= Mauno Järvelä =

Mauno Järvelä (born 25. November 1949) is a Finnish fiddler, violinist and music pedagogue. He is the uncle of Arto Järvelä, and both of them are members in the successful folk music group JPP, whose roots are the pelimanni tradition from Kaustinen. Mauno Järvelä also plays in Timo Alakotilas tango project Unto Tango Orchestra (Tango-orkesteri Unto) together with, among others, Maria Kalaniemi.

Mauno Järvelä was born in Kaustinen and learned fiddling from his father, Johannes Järvelä, himself the son of the well known wedding fiddler Antti Järvelä. Mauno was also trained as a classical violinist at the Sibelius Academy before they had a department for folk music, and he has worked as a violinist in symphony orchestra.

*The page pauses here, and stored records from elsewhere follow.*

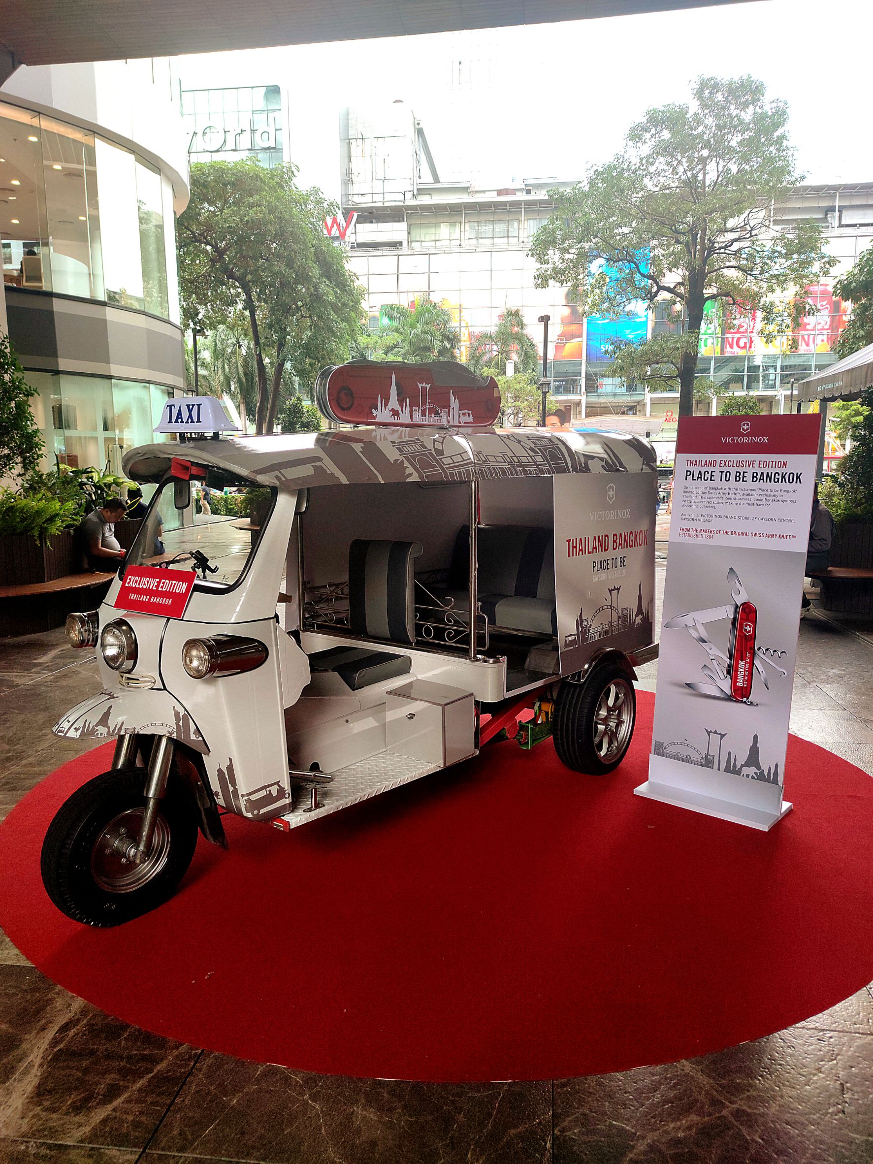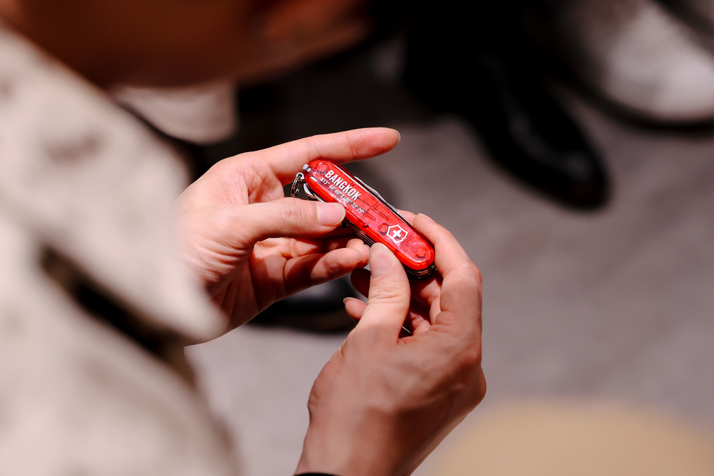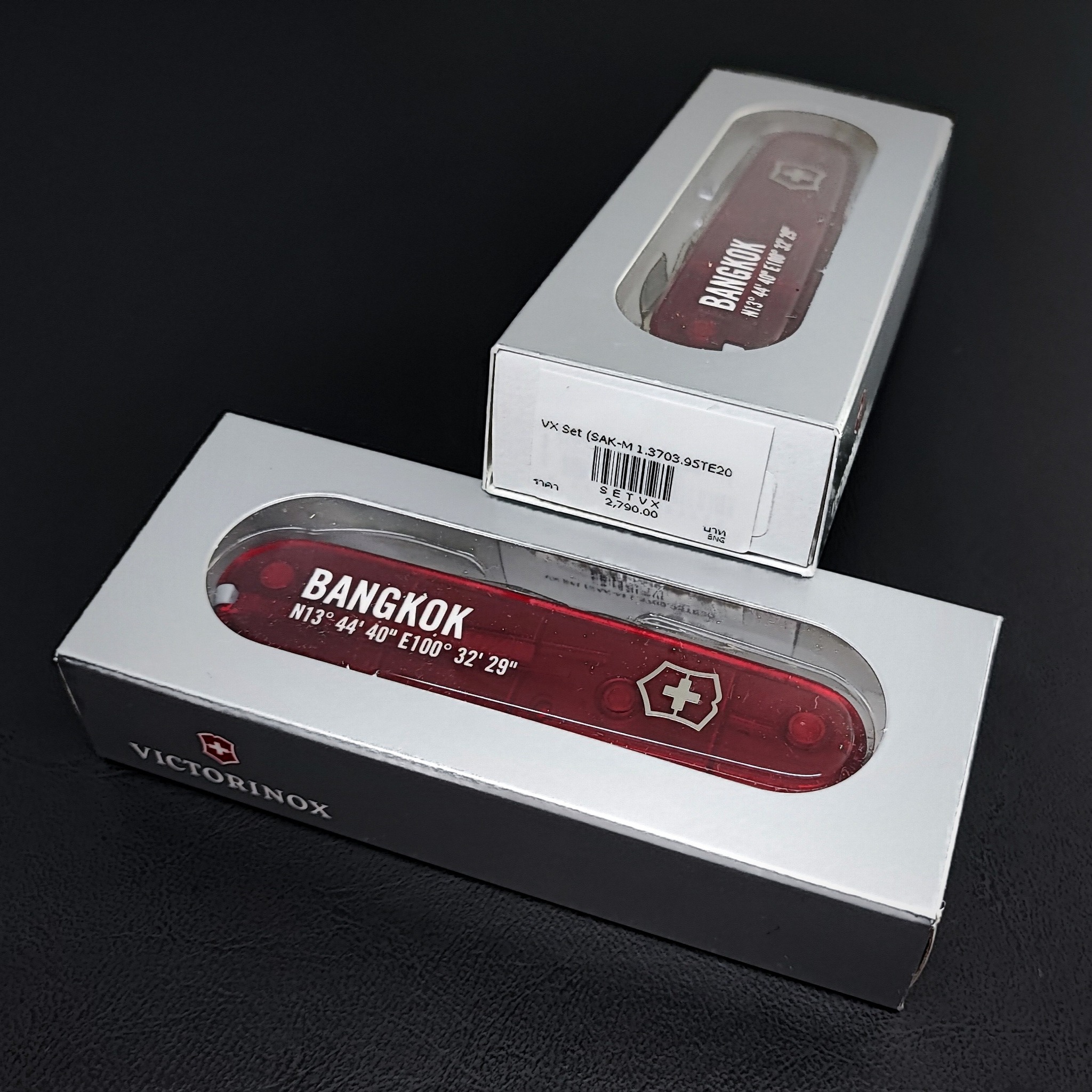 Own a piece of Bangkok with the Victorinox WPlace to be BangkokW limited edition Swiss Army Knife™, available exclusively in Thailand. This collector's item showcases iconic Bangkok symbols on translucent red scales, making it a must-have for discerning collectors.
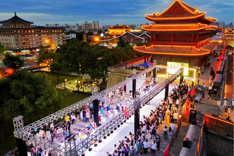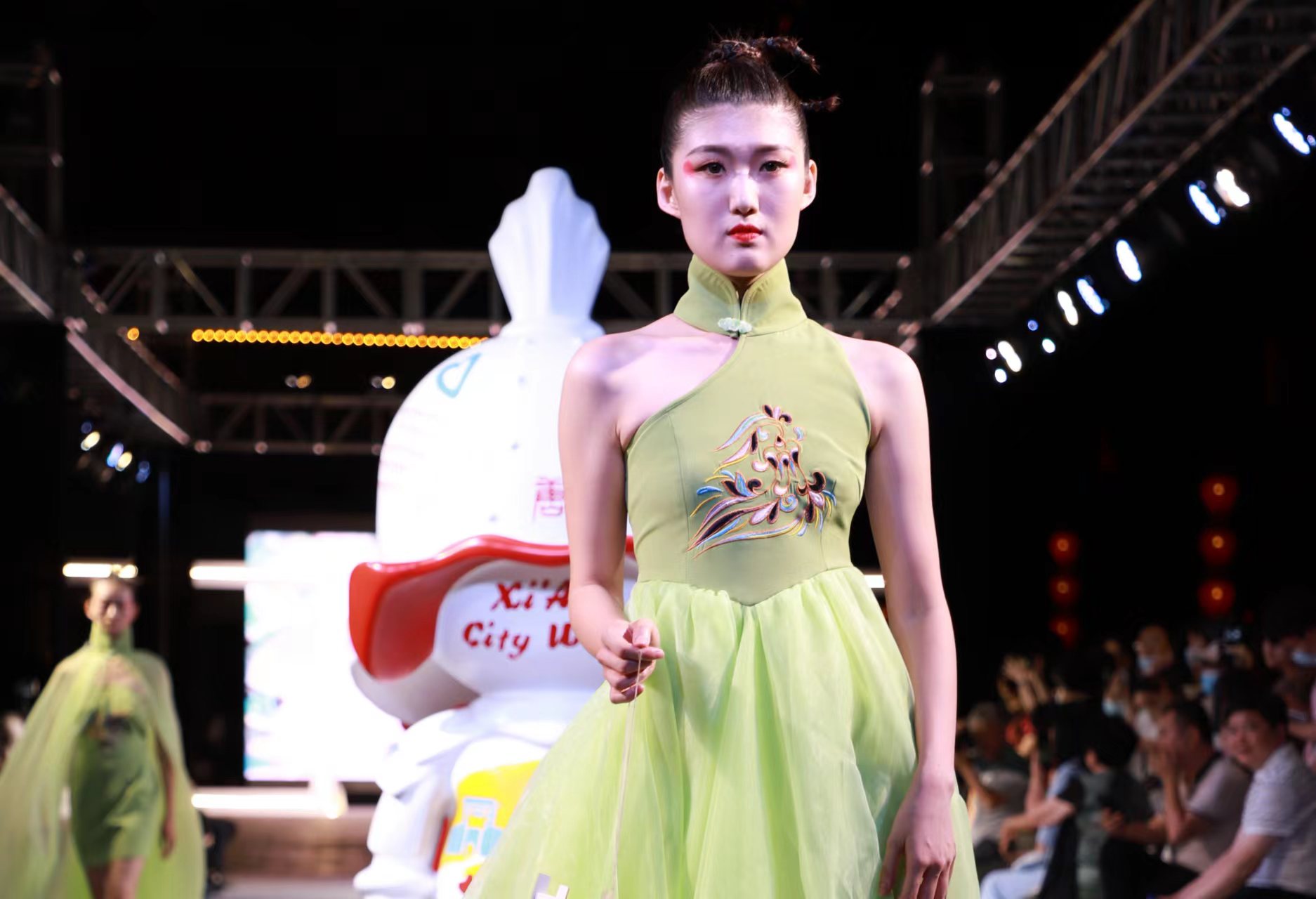 6月20日晚,我校設(shè)計(jì)與藝術(shù)學(xué)院服裝與服飾設(shè)計(jì)專業(yè)的畢業(yè)匯演在西安城墻永寧門城樓舉行。校長李志健、副校長蒲永平出席活動(dòng),陜西省工業(yè)和信息化廳二級(jí)巡視員宋亞超、陜文投集團(tuán)副總經(jīng)理徐晉、陜西服裝學(xué)院院長張莉、西安市文化館副館長王智、西北大學(xué)博物館副館長楊國棟、陜西省民間文藝家協(xié)會(huì)名譽(yù)主席傅功振等近四十位學(xué)界代表、企業(yè)代表、行業(yè)專家、媒體人士以及我校相關(guān)職能部門負(fù)責(zé)人、設(shè)藝學(xué)院班子成員、2022屆服裝與服飾設(shè)計(jì)專業(yè)畢業(yè)生、數(shù)百名游客一起參加了本次服裝秀。
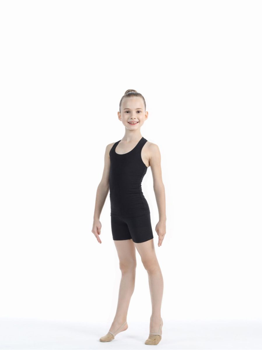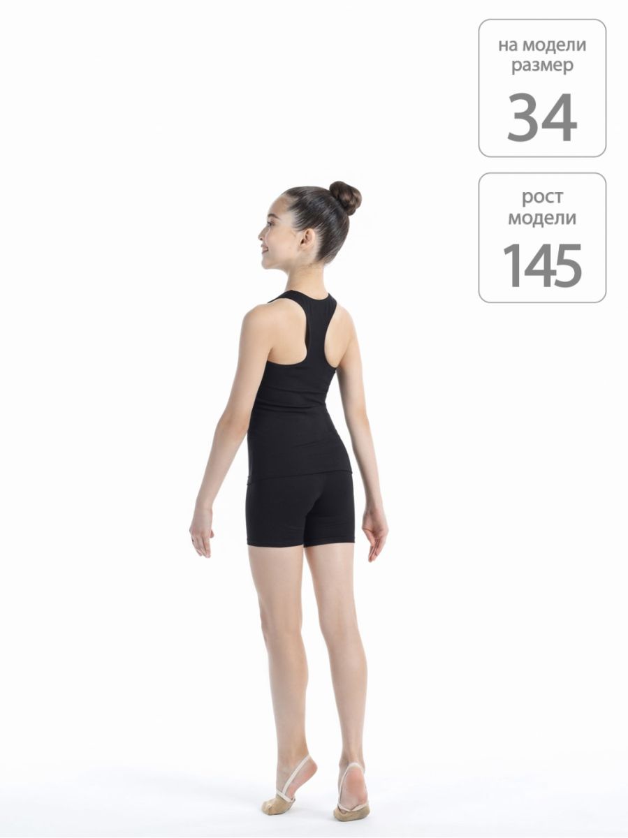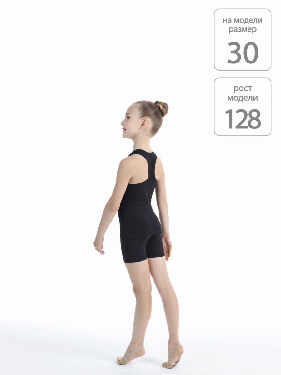 Чёрная майка-борцовка прилегающего силуэта. Ширина бретелей около 3 см. Без поддержки для груди. Подходит для занятий танцами, художественной гимнастикой и другими видами спорта.
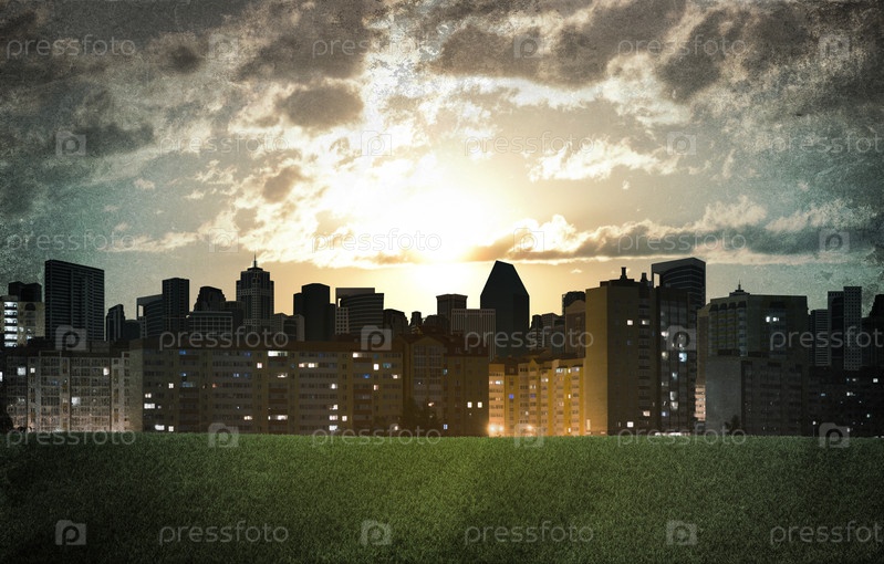 Вечерний город. Здания и поле
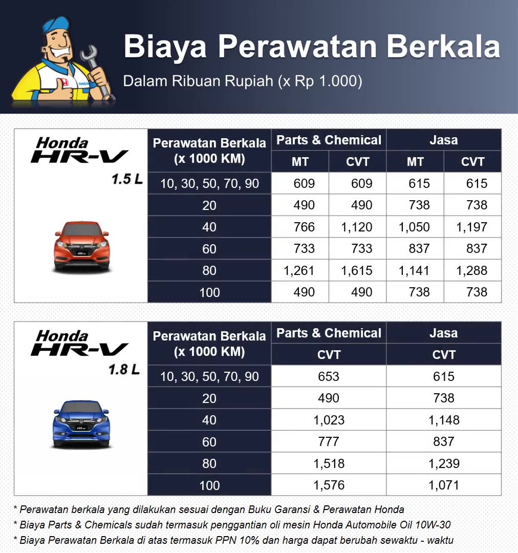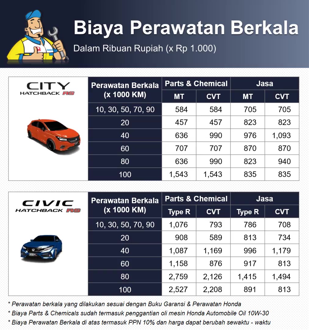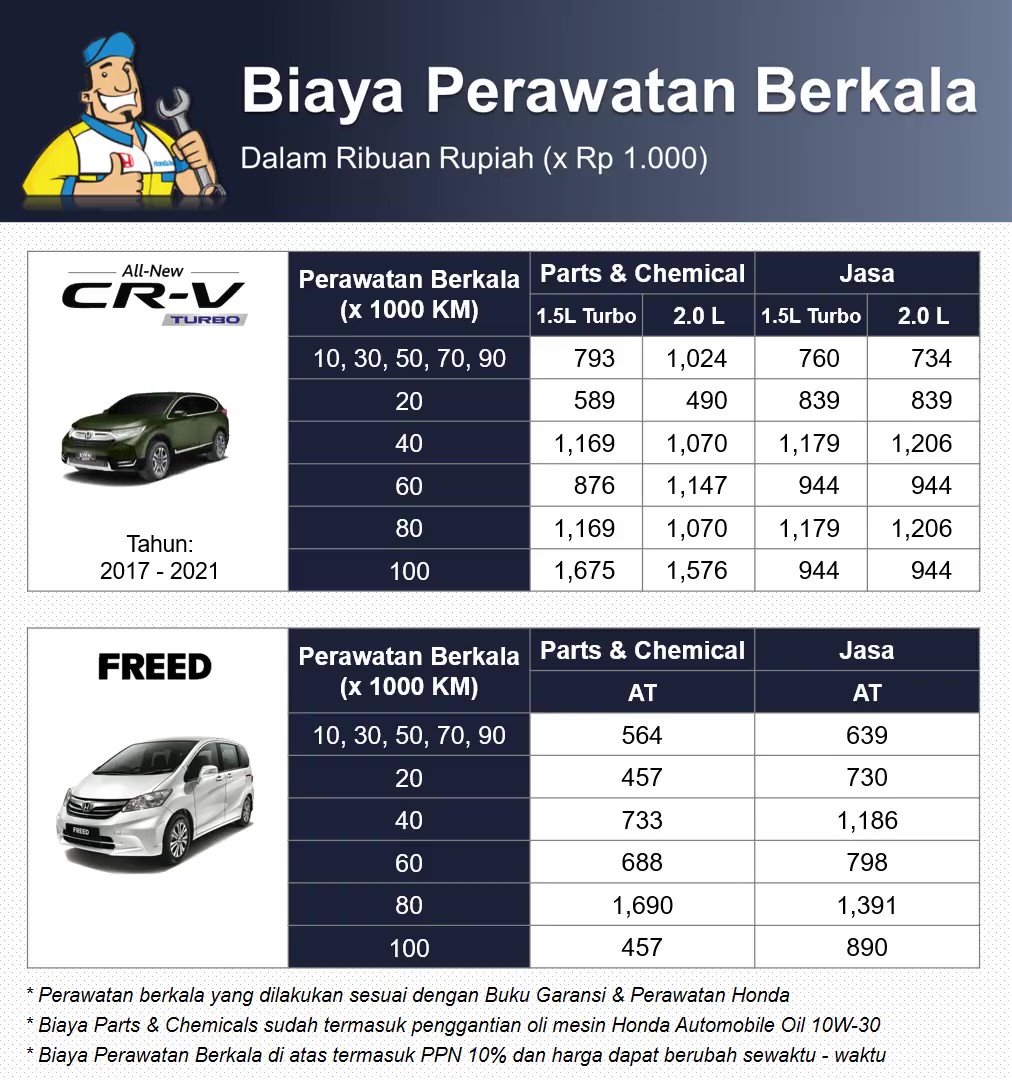 Berikut ini adalah Estimasi Biaya Perawatan Berkala yang dilakukan sesuai dengan buku Garansi & Perawatan Mobil Honda.
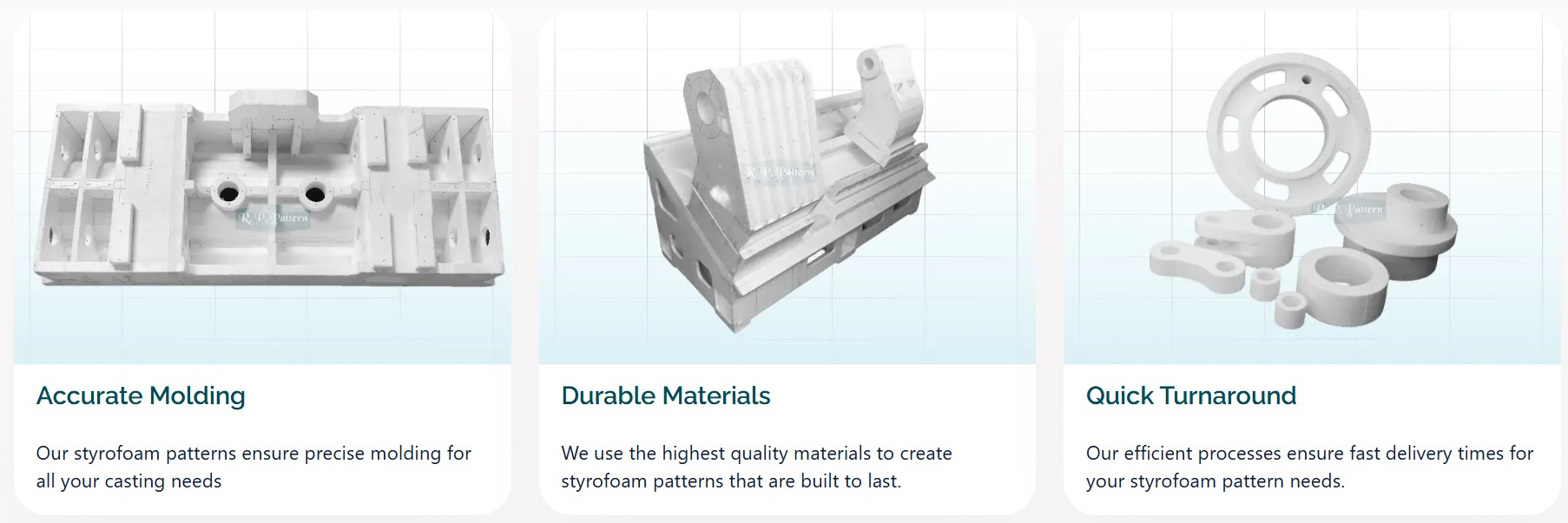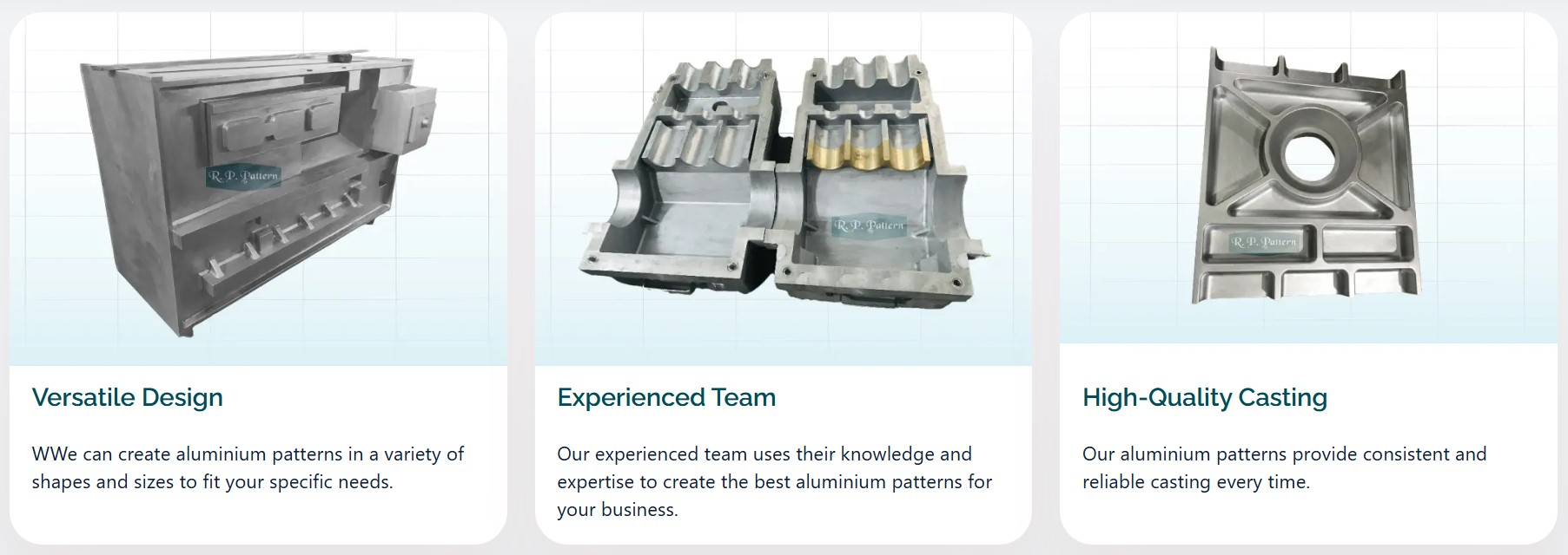 | Materials | Patterns: Aluminium, Wood, Styrofoam; Castings: SS, WCB, DI |

In the 2000s (decade), he has so far (2005) been active mainly as music teacher, teaching adults and children in Kaustinen to play the violin using both folk music and classical training, and partly learning by ear. The children's project in Kaustinen is called Näppärit (roughly "the pluckers"). His teaching method is partly related to the Suzuki method and is widely nicknamed the sisuki method (after the Finnish concept sisu).

He also plays an important part in arranging folk music projects including young people from all the Nordic countries, based on the notion that traditional Nordic dance music from the different Nordic countries have much in common.